*Exercise*:
Take the lines below beginning at the line that has "O investimento em" and stopping after the line that has "Ce projet repose", and print them exactly as they are, with no other lines.

*Dataset excerpts*:

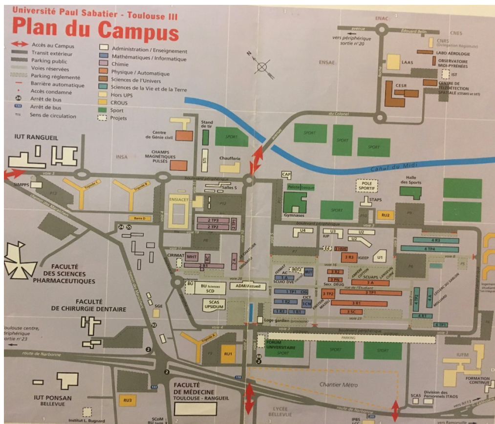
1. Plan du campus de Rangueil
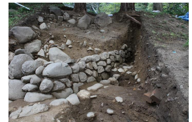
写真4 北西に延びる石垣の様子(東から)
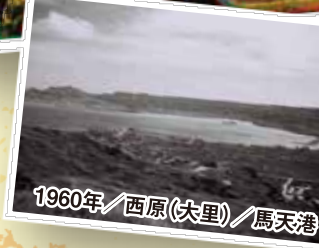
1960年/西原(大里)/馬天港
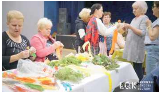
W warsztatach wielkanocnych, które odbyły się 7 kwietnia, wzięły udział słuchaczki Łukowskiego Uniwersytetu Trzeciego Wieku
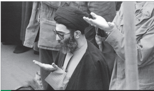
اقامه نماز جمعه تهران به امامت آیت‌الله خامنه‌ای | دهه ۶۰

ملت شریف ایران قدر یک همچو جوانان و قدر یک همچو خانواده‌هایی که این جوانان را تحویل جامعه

==

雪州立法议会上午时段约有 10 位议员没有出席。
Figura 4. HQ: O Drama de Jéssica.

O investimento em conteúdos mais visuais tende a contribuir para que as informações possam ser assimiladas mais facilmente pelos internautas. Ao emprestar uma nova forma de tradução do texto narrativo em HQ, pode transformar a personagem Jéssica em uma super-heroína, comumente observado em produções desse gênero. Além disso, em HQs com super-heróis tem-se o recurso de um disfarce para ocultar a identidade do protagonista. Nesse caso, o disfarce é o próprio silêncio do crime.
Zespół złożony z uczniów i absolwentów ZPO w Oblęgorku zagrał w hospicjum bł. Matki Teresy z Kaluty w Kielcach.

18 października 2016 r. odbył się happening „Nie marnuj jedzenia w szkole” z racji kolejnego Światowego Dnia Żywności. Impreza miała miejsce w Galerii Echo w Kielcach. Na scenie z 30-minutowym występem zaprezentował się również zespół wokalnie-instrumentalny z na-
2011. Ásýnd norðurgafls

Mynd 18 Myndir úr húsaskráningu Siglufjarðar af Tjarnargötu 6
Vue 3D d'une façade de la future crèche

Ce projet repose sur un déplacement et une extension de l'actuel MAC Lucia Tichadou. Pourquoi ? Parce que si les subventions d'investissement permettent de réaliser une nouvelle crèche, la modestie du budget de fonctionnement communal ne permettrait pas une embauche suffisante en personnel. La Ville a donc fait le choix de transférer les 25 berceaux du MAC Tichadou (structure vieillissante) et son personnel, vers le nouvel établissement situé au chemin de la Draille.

*Response below*:
O investimento em conteúdos mais visuais tende a contribuir para que as informações possam ser assimiladas mais facilmente pelos internautas. Ao emprestar uma nova forma de tradução do texto narrativo em HQ, pode transformar a personagem Jéssica em uma super-heroína, comumente observado em produções desse gênero. Além disso, em HQs com super-heróis tem-se o recurso de um disfarce para ocultar a identidade do protagonista. Nesse caso, o disfarce é o próprio silêncio do crime.
Zespół złożony z uczniów i absolwentów ZPO w Oblęgorku zagrał w hospicjum bł. Matki Teresy z Kaluty w Kielcach.

18 października 2016 r. odbył się happening „Nie marnuj jedzenia w szkole” z racji kolejnego Światowego Dnia Żywności. Impreza miała miejsce w Galerii Echo w Kielcach. Na scenie z 30-minutowym występem zaprezentował się również zespół wokalnie-instrumentalny z na-
2011. Ásýnd norðurgafls

Mynd 18 Myndir úr húsaskráningu Siglufjarðar af Tjarnargötu 6
Vue 3D d'une façade de la future crèche

Ce projet repose sur un déplacement et une extension de l'actuel MAC Lucia Tichadou. Pourquoi ? Parce que si les subventions d'investissement permettent de réaliser une nouvelle crèche, la modestie du budget de fonctionnement communal ne permettrait pas une embauche suffisante en personnel. La Ville a donc fait le choix de transférer les 25 berceaux du MAC Tichadou (structure vieillissante) et son personnel, vers le nouvel établissement situé au chemin de la Draille.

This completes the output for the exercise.